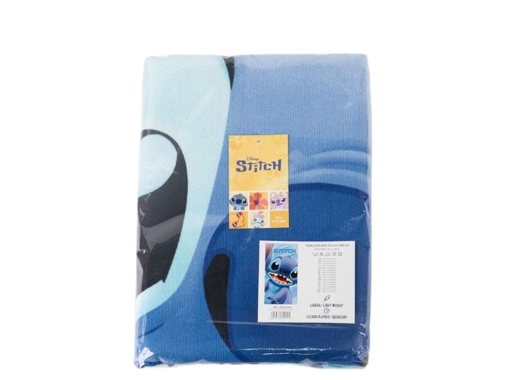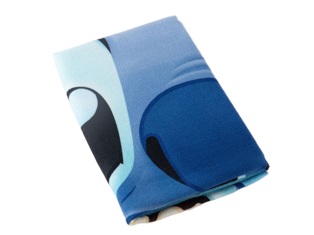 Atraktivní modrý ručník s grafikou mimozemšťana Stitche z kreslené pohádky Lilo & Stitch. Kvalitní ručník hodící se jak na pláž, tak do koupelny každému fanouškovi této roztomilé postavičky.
* * *
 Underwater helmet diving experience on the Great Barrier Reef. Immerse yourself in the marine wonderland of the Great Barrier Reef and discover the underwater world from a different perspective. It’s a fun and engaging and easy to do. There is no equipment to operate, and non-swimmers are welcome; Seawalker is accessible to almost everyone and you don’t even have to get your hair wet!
...
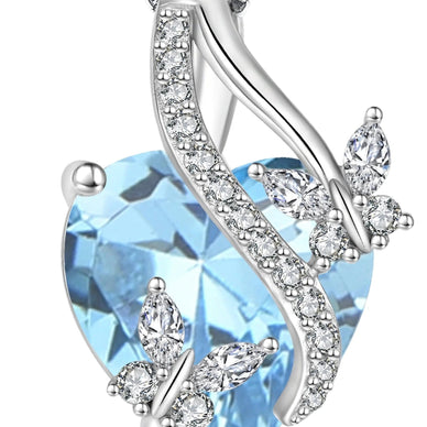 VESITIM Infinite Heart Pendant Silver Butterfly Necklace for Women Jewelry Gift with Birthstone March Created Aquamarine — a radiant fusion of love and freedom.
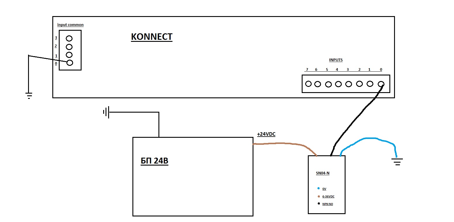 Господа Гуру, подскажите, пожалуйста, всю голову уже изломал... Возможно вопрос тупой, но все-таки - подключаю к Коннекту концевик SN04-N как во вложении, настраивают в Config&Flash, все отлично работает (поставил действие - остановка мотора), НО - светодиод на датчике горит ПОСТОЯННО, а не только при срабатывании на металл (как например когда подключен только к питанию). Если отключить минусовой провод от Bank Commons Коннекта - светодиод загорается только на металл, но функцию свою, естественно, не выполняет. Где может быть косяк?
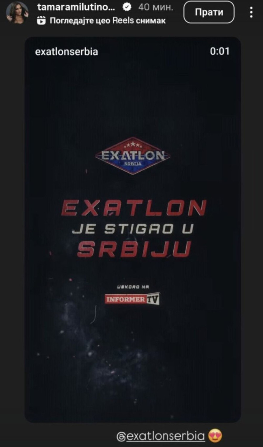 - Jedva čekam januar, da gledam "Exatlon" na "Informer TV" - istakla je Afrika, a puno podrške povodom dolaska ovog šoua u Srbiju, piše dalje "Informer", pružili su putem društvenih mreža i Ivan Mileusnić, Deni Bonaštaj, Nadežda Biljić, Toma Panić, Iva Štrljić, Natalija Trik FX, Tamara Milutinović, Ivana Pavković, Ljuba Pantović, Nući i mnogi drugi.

### [Problem statement]
Set down again, word for word, every line from the one with "Господа Гуру, подскажите, пожалуйста, всю" to the one with "- Jedva čekam" in the entries above, and omit the pictures.

### [Solution below]
 Господа Гуру, подскажите, пожалуйста, всю голову уже изломал... Возможно вопрос тупой, но все-таки - подключаю к Коннекту концевик SN04-N как во вложении, настраивают в Config&Flash, все отлично работает (поставил действие - остановка мотора), НО - светодиод на датчике горит ПОСТОЯННО, а не только при срабатывании на металл (как например когда подключен только к питанию). Если отключить минусовой провод от Bank Commons Коннекта - светодиод загорается только на металл, но функцию свою, естественно, не выполняет. Где может быть косяк?
 - Jedva čekam januar, da gledam "Exatlon" na "Informer TV" - istakla je Afrika, a puno podrške povodom dolaska ovog šoua u Srbiju, piše dalje "Informer", pružili su putem društvenih mreža i Ivan Mileusnić, Deni Bonaštaj, Nadežda Biljić, Toma Panić, Iva Štrljić, Natalija Trik FX, Tamara Milutinović, Ivana Pavković, Ljuba Pantović, Nući i mnogi drugi.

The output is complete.